* _Provided information_
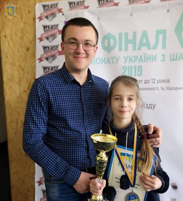 На змаганнях юну шахістку підтримав її тренер Андрій Греха.
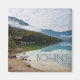 Imán fotográfico de recuerdo con un paisaje con una cabaña de madera a orillas del lago Bohinj con un reflejo del bosque con árboles en colores otoñales en el agua fija del lago cerca de Bled en Eslovenia con el texto 'Bohinj, Eslovenia'.
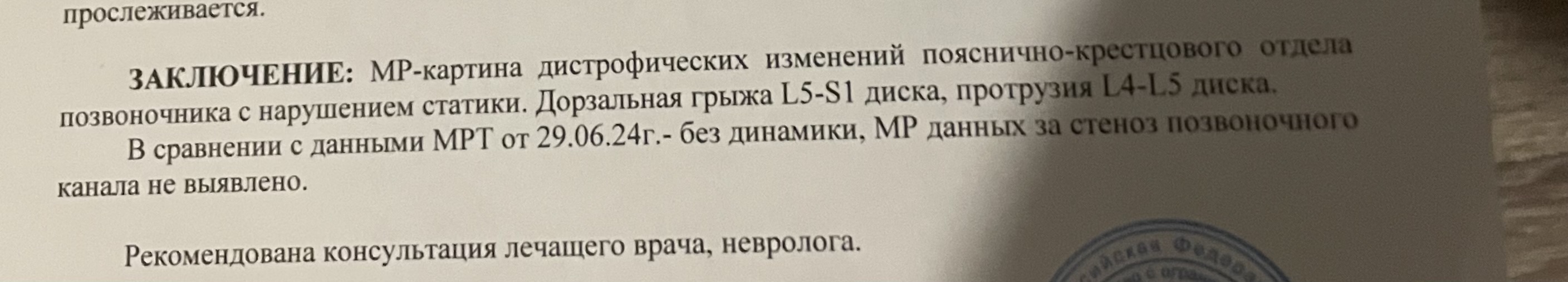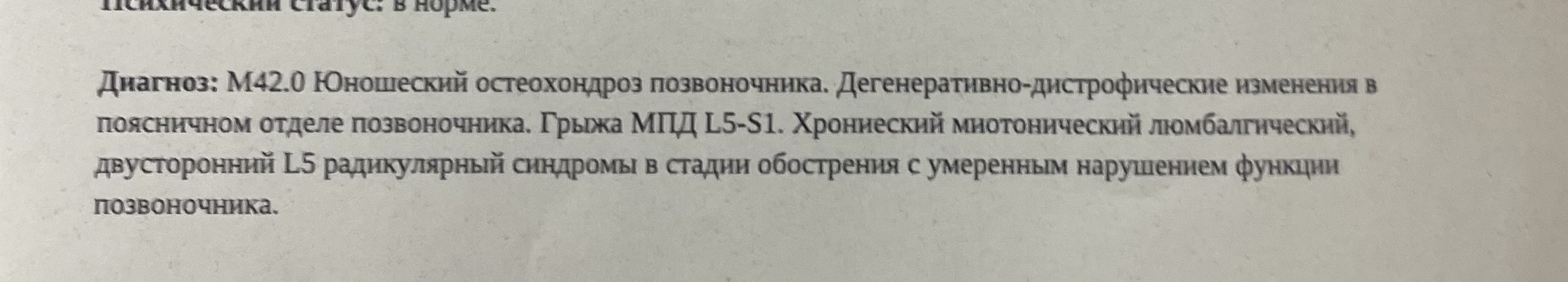 Диагноз: М42.0 Юношеский остеохондроз позвоночника. Дегенеративно-дистрофические изменения в поясничном отделе позвоночника. Грыжа МПД L5-S1.Стеноз позвоночного канала. Хронический
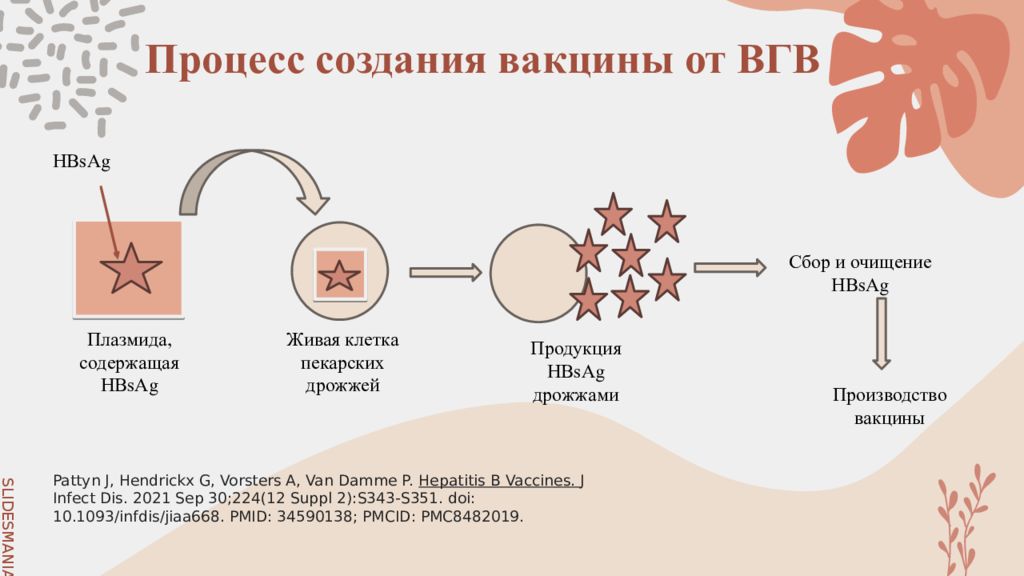 Pattyn J, Hendrickx G, Vorsters A, Van Damme P. Hepatitis B Vaccines. J Infect Dis. 2021 Sep 30;224(12 Suppl 2):S343-S351. doi : 10.1093/ infdis /jiaa668. PMID: 34590138; PMCID: PMC8482019. Плазмида, содержащая HBsAg Живая клетка пекарских дрожжей Сбор и очищение HBsAg Производство вакцины HBsAg Продукция HBsAg дрожжами
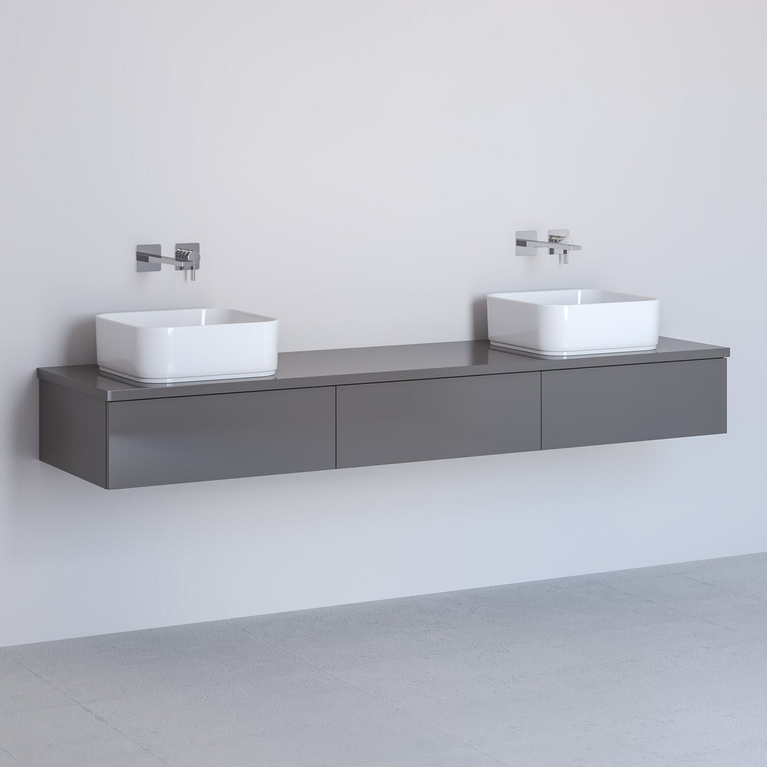 Kronenbach Cube Waschtischkonsole 181 cm mit 2 Aufsatzwaschtischen, 3 Auszüge

* _How to complete this task_
The reply must consist of the complete listing, reproduced exactly, with no images.

* _Exercise solution_
 На змаганнях юну шахістку підтримав її тренер Андрій Греха.
 Imán fotográfico de recuerdo con un paisaje con una cabaña de madera a orillas del lago Bohinj con un reflejo del bosque con árboles en colores otoñales en el agua fija del lago cerca de Bled en Eslovenia con el texto 'Bohinj, Eslovenia'.
 Диагноз: М42.0 Юношеский остеохондроз позвоночника. Дегенеративно-дистрофические изменения в поясничном отделе позвоночника. Грыжа МПД L5-S1.Стеноз позвоночного канала. Хронический
 Pattyn J, Hendrickx G, Vorsters A, Van Damme P. Hepatitis B Vaccines. J Infect Dis. 2021 Sep 30;224(12 Suppl 2):S343-S351. doi : 10.1093/ infdis /jiaa668. PMID: 34590138; PMCID: PMC8482019. Плазмида, содержащая HBsAg Живая клетка пекарских дрожжей Сбор и очищение HBsAg Производство вакцины HBsAg Продукция HBsAg дрожжами
 Kronenbach Cube Waschtischkonsole 181 cm mit 2 Aufsatzwaschtischen, 3 Auszüge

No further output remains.